▸ **Entries provided**:
---*---

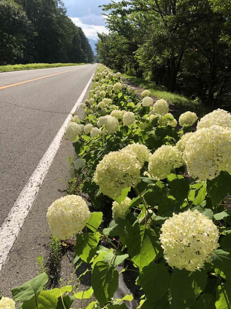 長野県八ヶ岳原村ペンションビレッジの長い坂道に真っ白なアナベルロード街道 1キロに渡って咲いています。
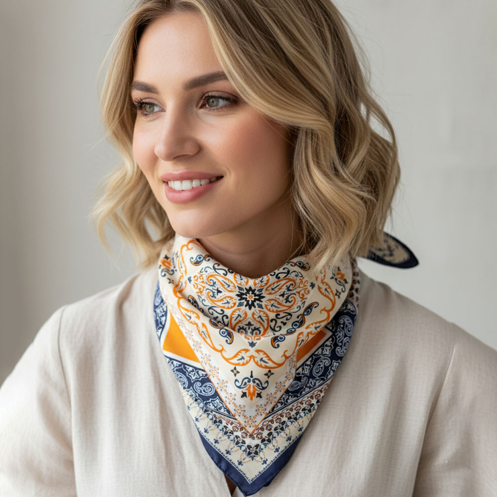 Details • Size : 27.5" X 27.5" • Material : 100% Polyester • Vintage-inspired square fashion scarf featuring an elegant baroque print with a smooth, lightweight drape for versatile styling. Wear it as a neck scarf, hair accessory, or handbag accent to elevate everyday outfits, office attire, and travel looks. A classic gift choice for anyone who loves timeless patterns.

---*---

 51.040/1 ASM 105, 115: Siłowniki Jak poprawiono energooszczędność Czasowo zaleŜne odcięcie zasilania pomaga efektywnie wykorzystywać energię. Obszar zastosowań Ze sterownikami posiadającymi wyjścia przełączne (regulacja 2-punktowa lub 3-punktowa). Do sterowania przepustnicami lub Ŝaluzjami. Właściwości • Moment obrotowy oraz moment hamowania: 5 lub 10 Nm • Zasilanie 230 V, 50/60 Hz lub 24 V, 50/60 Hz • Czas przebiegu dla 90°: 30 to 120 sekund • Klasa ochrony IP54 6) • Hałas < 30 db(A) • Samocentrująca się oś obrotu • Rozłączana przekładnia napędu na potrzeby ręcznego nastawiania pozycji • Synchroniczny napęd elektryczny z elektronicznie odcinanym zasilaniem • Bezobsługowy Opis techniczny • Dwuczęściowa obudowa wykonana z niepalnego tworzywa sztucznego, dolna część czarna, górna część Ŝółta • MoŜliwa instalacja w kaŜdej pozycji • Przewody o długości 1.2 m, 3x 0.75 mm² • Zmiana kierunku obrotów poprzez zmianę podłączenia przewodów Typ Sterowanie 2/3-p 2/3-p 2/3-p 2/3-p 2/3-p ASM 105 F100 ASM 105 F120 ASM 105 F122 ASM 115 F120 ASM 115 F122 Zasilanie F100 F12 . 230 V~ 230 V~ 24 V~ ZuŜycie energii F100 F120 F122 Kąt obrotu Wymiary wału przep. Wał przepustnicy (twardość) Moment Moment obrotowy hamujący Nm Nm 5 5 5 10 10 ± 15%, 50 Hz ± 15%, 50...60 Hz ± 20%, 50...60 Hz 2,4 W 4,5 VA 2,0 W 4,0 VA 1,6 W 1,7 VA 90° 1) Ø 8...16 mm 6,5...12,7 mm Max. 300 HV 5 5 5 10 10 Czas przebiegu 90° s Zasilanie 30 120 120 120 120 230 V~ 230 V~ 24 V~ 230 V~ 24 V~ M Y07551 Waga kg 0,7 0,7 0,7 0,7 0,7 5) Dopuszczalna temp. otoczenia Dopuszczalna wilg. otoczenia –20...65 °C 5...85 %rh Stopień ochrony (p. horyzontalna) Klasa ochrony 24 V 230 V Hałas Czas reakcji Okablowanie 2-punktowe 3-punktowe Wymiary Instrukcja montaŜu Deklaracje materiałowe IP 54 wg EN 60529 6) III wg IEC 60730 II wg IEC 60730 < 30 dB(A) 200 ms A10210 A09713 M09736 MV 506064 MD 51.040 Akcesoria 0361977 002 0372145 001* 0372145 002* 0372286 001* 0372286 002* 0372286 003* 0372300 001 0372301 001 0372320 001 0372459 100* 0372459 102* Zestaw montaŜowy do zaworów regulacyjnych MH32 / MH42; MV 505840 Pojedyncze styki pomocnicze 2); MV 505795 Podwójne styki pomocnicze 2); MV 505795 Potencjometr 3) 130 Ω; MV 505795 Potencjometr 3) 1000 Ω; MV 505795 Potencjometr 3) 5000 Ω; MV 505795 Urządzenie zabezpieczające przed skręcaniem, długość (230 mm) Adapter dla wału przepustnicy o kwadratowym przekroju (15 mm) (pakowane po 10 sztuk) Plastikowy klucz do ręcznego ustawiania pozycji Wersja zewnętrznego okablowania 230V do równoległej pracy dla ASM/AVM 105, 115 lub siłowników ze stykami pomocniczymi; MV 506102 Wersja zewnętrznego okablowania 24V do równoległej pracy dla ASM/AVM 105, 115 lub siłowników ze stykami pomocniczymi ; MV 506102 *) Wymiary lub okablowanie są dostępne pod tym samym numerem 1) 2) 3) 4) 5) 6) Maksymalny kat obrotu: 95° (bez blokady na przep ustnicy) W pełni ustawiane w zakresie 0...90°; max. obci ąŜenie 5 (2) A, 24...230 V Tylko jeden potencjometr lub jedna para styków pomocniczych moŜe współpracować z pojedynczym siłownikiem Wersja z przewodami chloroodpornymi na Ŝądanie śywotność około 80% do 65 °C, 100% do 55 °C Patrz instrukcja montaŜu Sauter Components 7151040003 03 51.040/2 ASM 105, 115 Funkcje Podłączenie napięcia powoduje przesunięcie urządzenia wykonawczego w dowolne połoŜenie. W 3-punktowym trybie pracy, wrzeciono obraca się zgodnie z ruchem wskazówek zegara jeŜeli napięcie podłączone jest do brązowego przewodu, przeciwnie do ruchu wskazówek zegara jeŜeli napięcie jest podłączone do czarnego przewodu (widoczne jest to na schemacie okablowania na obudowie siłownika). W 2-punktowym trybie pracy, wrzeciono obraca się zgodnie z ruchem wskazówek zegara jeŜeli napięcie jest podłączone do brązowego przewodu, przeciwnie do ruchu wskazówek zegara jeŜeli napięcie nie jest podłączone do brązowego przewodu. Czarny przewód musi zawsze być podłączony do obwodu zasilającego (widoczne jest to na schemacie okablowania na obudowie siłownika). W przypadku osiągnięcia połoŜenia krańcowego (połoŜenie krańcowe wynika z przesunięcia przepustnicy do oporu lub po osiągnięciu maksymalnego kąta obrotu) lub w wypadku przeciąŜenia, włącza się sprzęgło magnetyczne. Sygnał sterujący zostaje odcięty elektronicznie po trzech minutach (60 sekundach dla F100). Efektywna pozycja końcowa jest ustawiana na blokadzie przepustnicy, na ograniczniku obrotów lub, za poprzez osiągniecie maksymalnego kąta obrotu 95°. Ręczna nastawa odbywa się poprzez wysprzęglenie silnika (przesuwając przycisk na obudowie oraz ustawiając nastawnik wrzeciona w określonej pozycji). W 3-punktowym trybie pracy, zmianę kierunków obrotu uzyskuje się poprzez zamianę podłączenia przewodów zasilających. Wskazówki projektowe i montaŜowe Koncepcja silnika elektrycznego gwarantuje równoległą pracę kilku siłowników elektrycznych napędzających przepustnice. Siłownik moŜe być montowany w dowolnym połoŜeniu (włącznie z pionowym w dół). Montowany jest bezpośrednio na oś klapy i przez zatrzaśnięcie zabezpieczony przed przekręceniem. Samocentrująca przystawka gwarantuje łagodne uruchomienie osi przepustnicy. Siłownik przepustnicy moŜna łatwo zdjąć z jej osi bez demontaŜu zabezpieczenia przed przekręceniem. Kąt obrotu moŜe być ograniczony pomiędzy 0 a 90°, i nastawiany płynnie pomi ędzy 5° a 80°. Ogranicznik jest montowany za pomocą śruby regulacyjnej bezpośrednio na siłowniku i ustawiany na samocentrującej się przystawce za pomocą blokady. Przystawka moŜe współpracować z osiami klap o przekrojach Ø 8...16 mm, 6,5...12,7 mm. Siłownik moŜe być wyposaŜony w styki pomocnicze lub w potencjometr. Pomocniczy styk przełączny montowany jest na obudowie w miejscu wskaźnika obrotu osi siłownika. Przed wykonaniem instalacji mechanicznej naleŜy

---*---

▸ **Assignment**:
Only one part of the listing is wanted: the lines from the one containing "長野県八ヶ岳原村ペンションビ" through the one containing "Details • Size", both included. Please transcribe it exactly, leaving out the pictures.

▸ **Solution for this problem**:
 長野県八ヶ岳原村ペンションビレッジの長い坂道に真っ白なアナベルロード街道 1キロに渡って咲いています。
 Details • Size : 27.5" X 27.5" • Material : 100% Polyester • Vintage-inspired square fashion scarf featuring an elegant baroque print with a smooth, lightweight drape for versatile styling. Wear it as a neck scarf, hair accessory, or handbag accent to elevate everyday outfits, office attire, and travel looks. A classic gift choice for anyone who loves timeless patterns.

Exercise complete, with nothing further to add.